Cada mañana, camino del trabajo, calculo si voy bien de tiempo dependiendo de a qué altura de la calle me encuentro con los habituales del lugar. Está el señor que toma café y que siempre lleva sombrero, la chavala que espera a que el chavalito que le gusta le recoja en una vespa roja para ir a la universidad y un niño que camina siempre de la mano de Dios.
No sé nada de él, pero le envidio por varios motivos: primero porque no todos tienen la suerte de caminar de la mano de alguien a plena luz del día. No lo sabe aún, pero de noche cualquiera pasea con los dedos de alguien entrelazados dando tumbos por ahí. En silencio o llorando de risa, pero de día todo cambia. Todo se vuelve más claro. A la luz del sol todo lo que se quiere ocultar se ve. El segundo, pero no menos importante, es que camina de la mano de Dios. Los años de experiencia de quien se crió en un colegio de monjas hacen que sepa que esa señora con falda por debajo de las rodillas, pelo corto y cruz a la vista, por mucho que vaya vestida de civil, giraría la cabeza al grito de “Hermana”. Por eso al llegar a casa, como un yonki de la curiosidad, me sumergí en internet y esperé en la cueva, paciente, como una morena en una piedra caletera, a ver si algo de información se asomaba por allí para iluminar mis teorías.
Buceando en el navegador uno se encuentra con lugares como el Hogar Virgen Milagrosa o Nuevo Futuro Sevilla, asociaciones con el objetivo de proteger y acoger a niños y adolescentes en situación de desamparo social que les prive de un ambiente familiar y ayudarles así en su formación y desarrollo integral.

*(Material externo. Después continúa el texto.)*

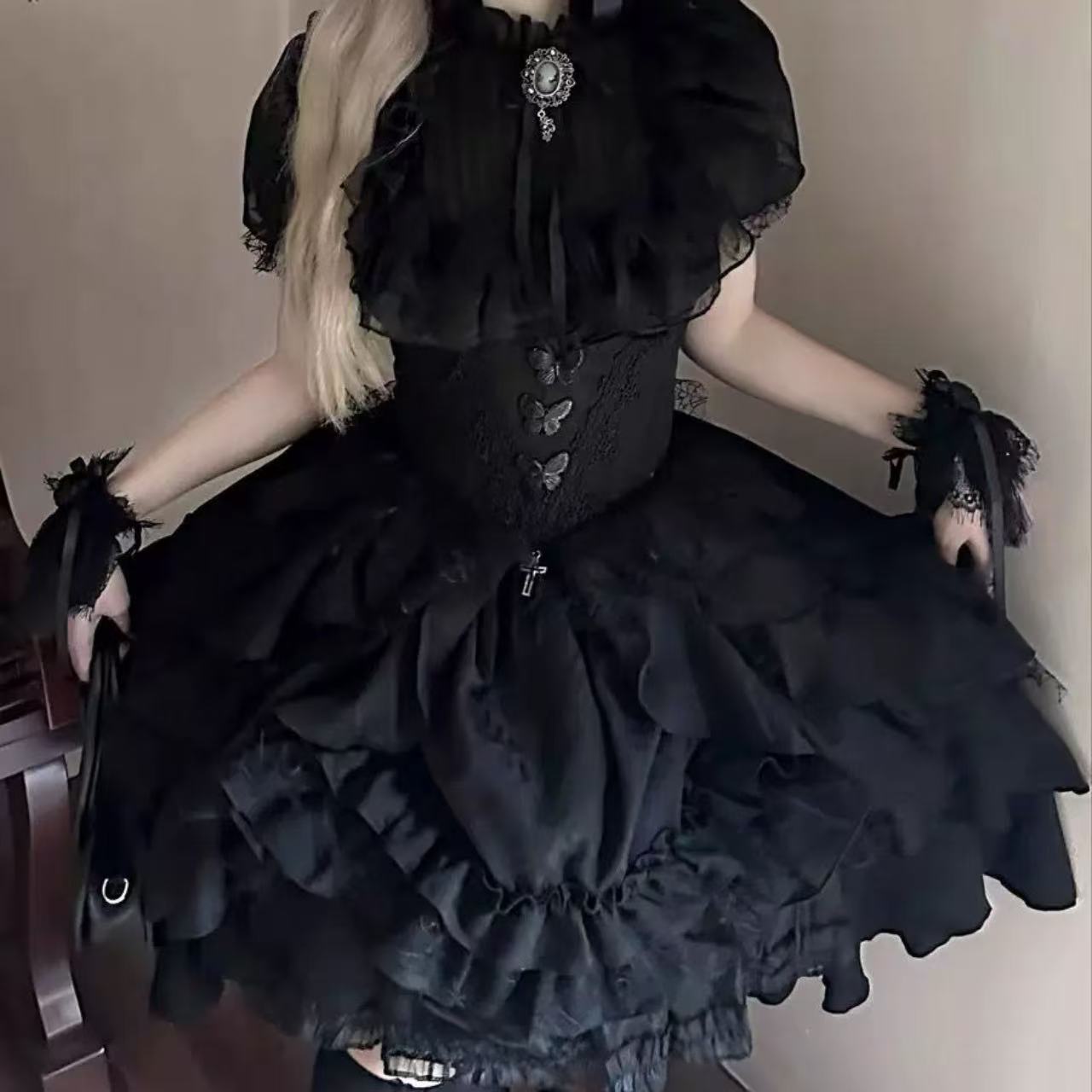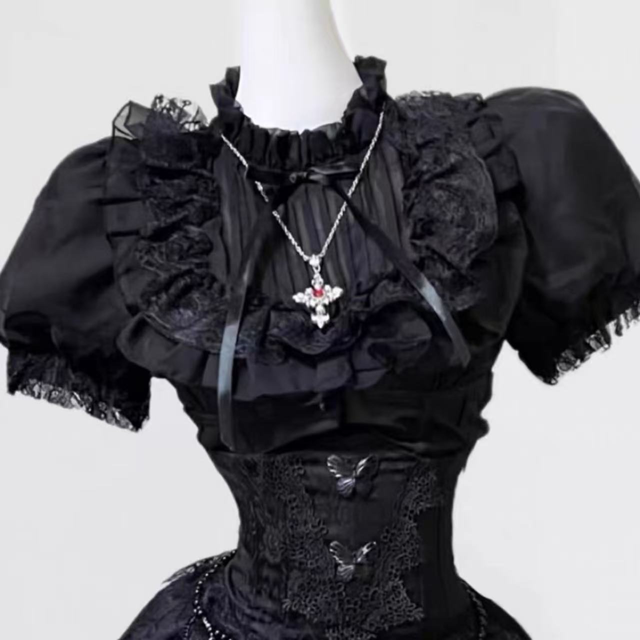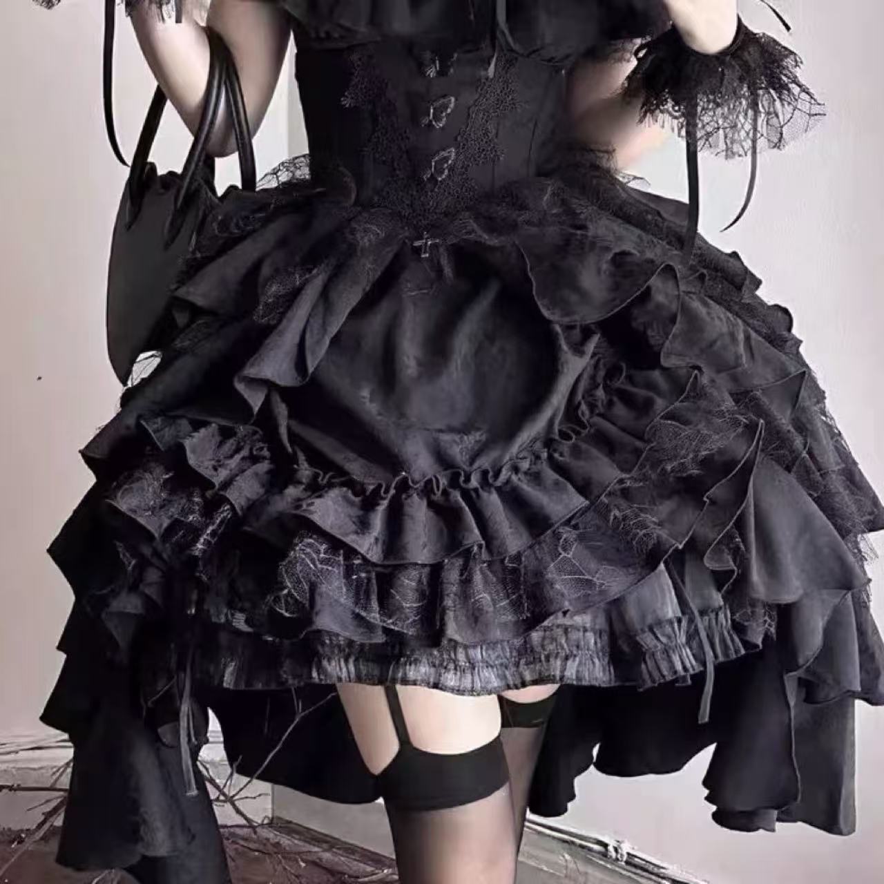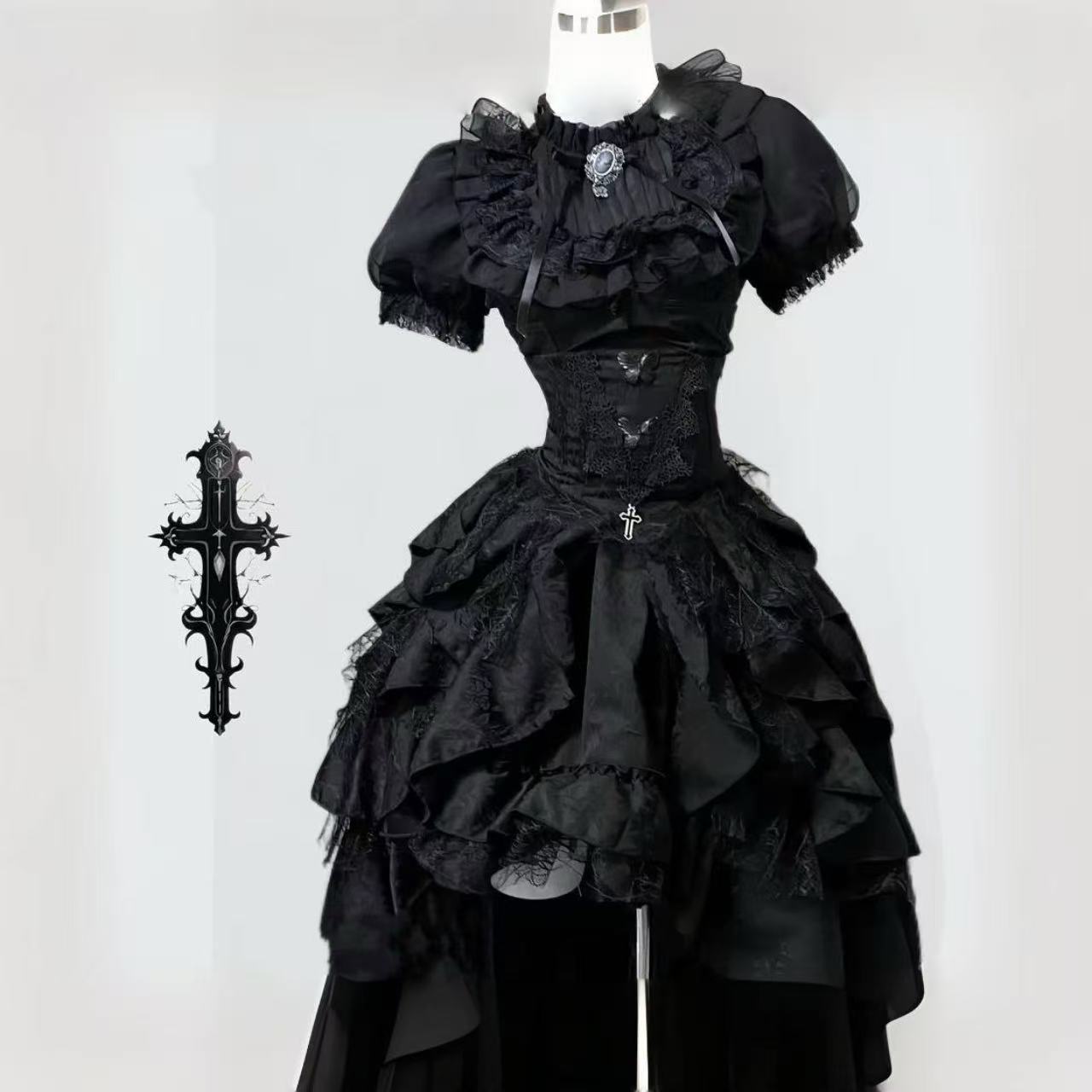 ナイチンゲール風のダークゴシックロリータスカート。高級感のあるジャカード生地を使用し、レースや装飾がエレガントな印象を与えます。ウエストを美しく引き締めるスリムなシルエットで、上品さと妖しさを兼ね備えたデザイン。ハロウィンやパーティー、撮影衣装にもぴったりの一着です。

Una casa para quienes no tienen la suerte de tener una propia. Darles una mano a la que agarrarse en la tierra y un motivo más para pensar que hay alguien que también camina con ellos desde arriba. No sé si mi amigo (porque ya es mi amigo) tiene familia o si alguien más allá que esa Hermana le protege, pero su rostro no desprende miedo ni intranquilidad, más bien sueño e impaciencia porque llegue el recreo. Y no sé si lo que más envidio de él es que tiene toda la vida por delante o la tranquilidad con la examina el mundo de camino al colegio.
Al igual que cuando uno se está sacando el carné de conducir solo ve coches de autoescuela por la calle, estos días sentía la presencia de un acompañante en todo momento. Un viejo amigo que en medio de la tempestad me mostró un rayo de luz que se asomaba por la plaza del Palillero. Algo que seguramente sea común y que ese día rozaba lo extraordinario. Una señora busca el calor del sol ayudada de su tacataca. Un flamenco cantaba para darle color a la vida, y de su boca no salía más que compás y verdad. Un quejío salado que decía “Paso las noches sin dormir, apoyado en la mesilla, pensando en ti” mientras todo seguía su curso en mis narices, como si estuviese parado en un semáforo eterno con forma de banco.
Hay días en los que queremos que Dios nos coja la mano o se nos aparezca en cualquier rincón. Comprobar que esa existencia es fruto de la idea de querer volver a encontrarse con algo o con alguien. De hacer que las cosas pasen.
De vuelta a casa pasa, por delante de mí, pasa un hombre con un infinito grabado en el brazo y me pregunto: de todos los infinitos que uno ve tatuados por ahí, ¿cuántos lo seguirán siendo? Esospensamientos se disipan en la esquina de mi calle cuando dos monjas, ambas con hábito, caminan a un paso veloz y esquivan a dos niños que corren con un balón en la mano dirección a la plazoleta. Y no sé si Dios existe y si se lo tendré que preguntar a una de ellas algún día o mejor al niño que camina de su mano.